Chinese name
- Traditional Chinese: 澳門土生葡菜
- Simplified Chinese: 澳门土生葡菜

Standard Mandarin
- Hanyu Pinyin: Àomén Tǔshēng Púcài

Yue: Cantonese
- Jyutping: ou3 mun4*2 tou2 saang1 pou4 coi3

Portuguese name
- Portuguese: Culinária macaense

= Macanese cuisine =

Culinary traditions of Macanese people

Macanese cuisine (澳門土生葡菜, culinária macaense) is mainly influenced by Chinese cuisine, especially Cantonese cuisine, and European cuisine, predominantly Portuguese cuisine, and influences from Southeast Asia and the Lusophone world, due to Macau's past as a Portuguese colony and long history of being an international tourist gambling centre.
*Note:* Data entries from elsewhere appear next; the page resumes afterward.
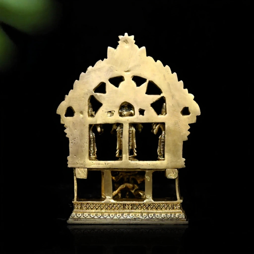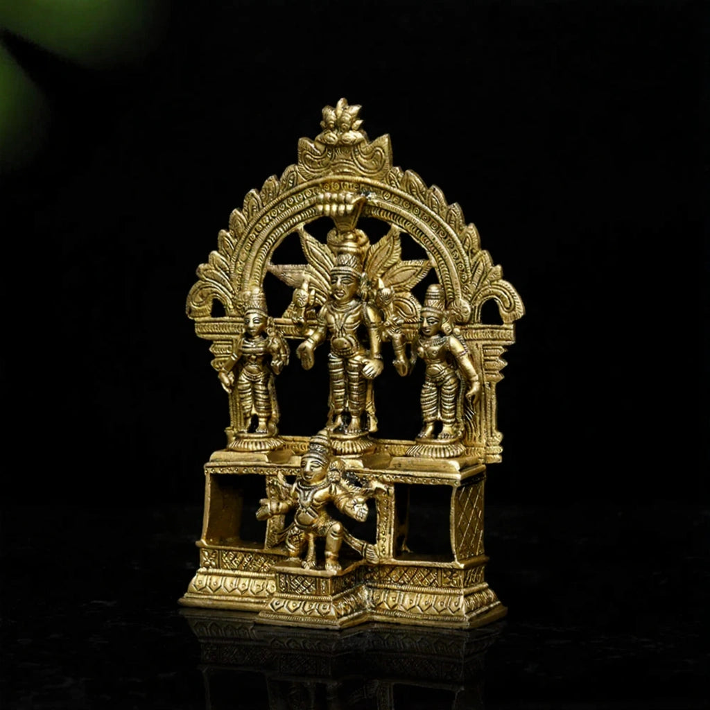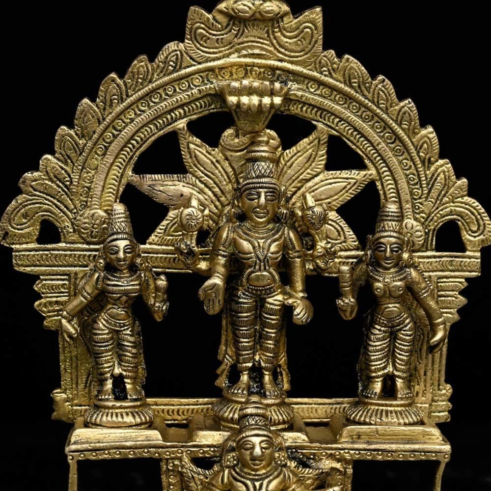 Package Includes: 1 Brass idol of Lord Vishnu with Lakshmi and Bhudevi on a Garuda pedestal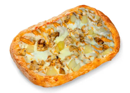 сыр моцарелла, ананасы и кусочки курицы на хрустящем тесте подарят вам удовольствие. Нарезается на 8 кусочков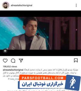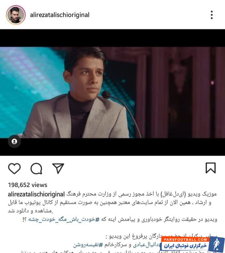 علیرضا طلیسچی ، خواننده مطرح کشور ، با انتشار یک پست در اینستاگرام از موزیک ویدیو جدید خودش رونمایی کرد که مهدی قایدی هم در آن بازی می کند.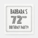 Denna lyxiga och 1920s/1930-talets stil inspirerade 72-sekundersmodell av papper napkin-födelsedagsfest har en personlig namn, ett finare art deco-utseende inspirerat nummer "72nd", meddelandet "FÖDELSEDAGSFEST!" och ett gräns med flera linjer. Pappra servetter som dessa kan användas vid en födelsedagsfest som hålls i firande på någons sjuttioandra födelsedag. [~Z0000613]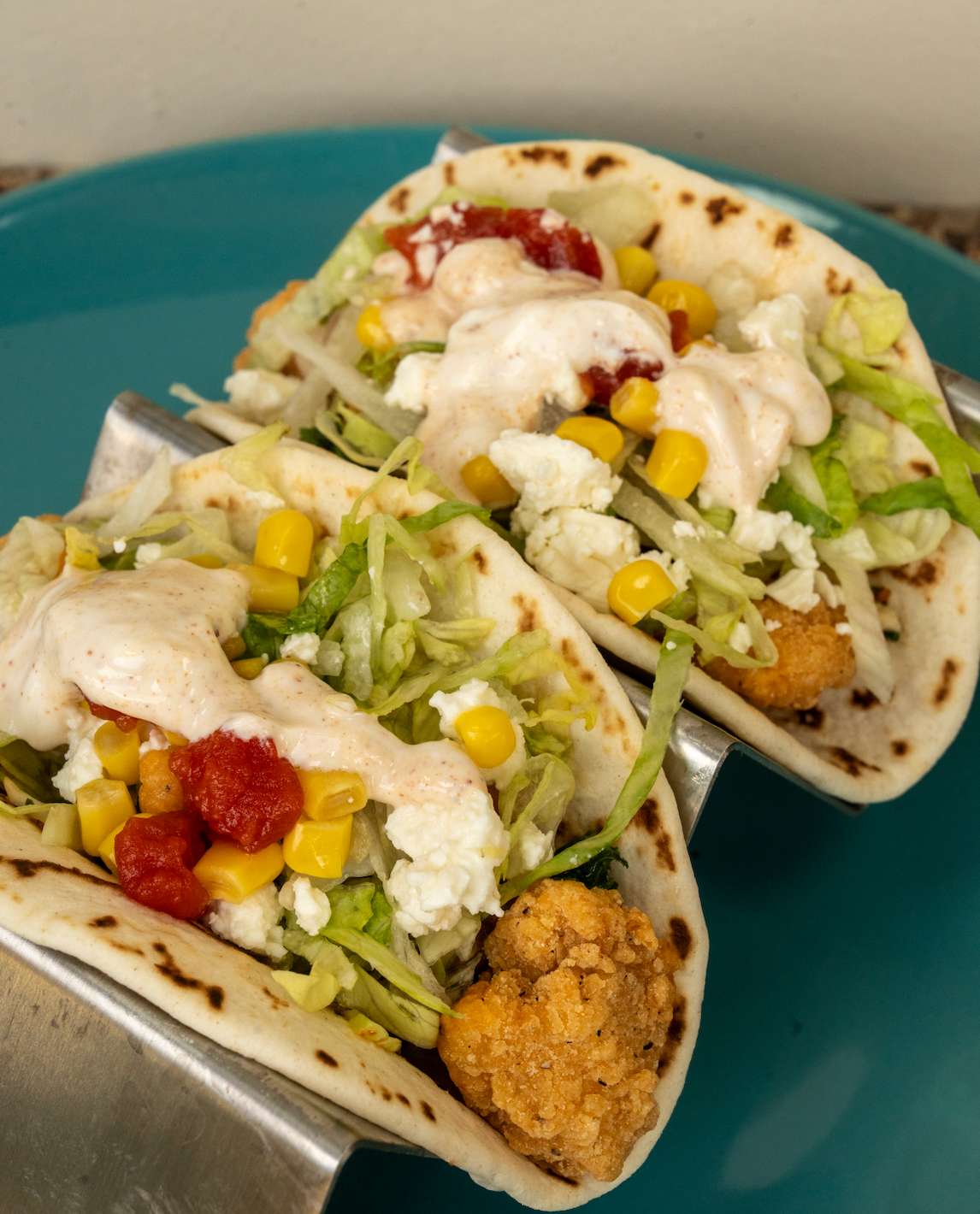 A family and fan favorite. Crispy fried and seasoned popcorn chicken, elote corn, tomato and lettuce. So good~

It is an early example of a fusion cuisine and dates to the 16th century.

== Dishes ==
Minchi, egg tarts, pork chop buns, ginger milk and almond cakes are some of the region's most common delicacies. Common cooking methods make use of various spices such as turmeric, coconut milk, and cinnamon to give dishes an extra kick of aroma and enhancement of taste. Many routinely consumed dishes in Macau belong to a subclass (Heungshan) of Cantonese cuisine. Many Macanese dishes resulted from the spice blends that the wives of Portuguese sailors used in an attempt to replicate European dishes with local Chinese ingredients and seasonings.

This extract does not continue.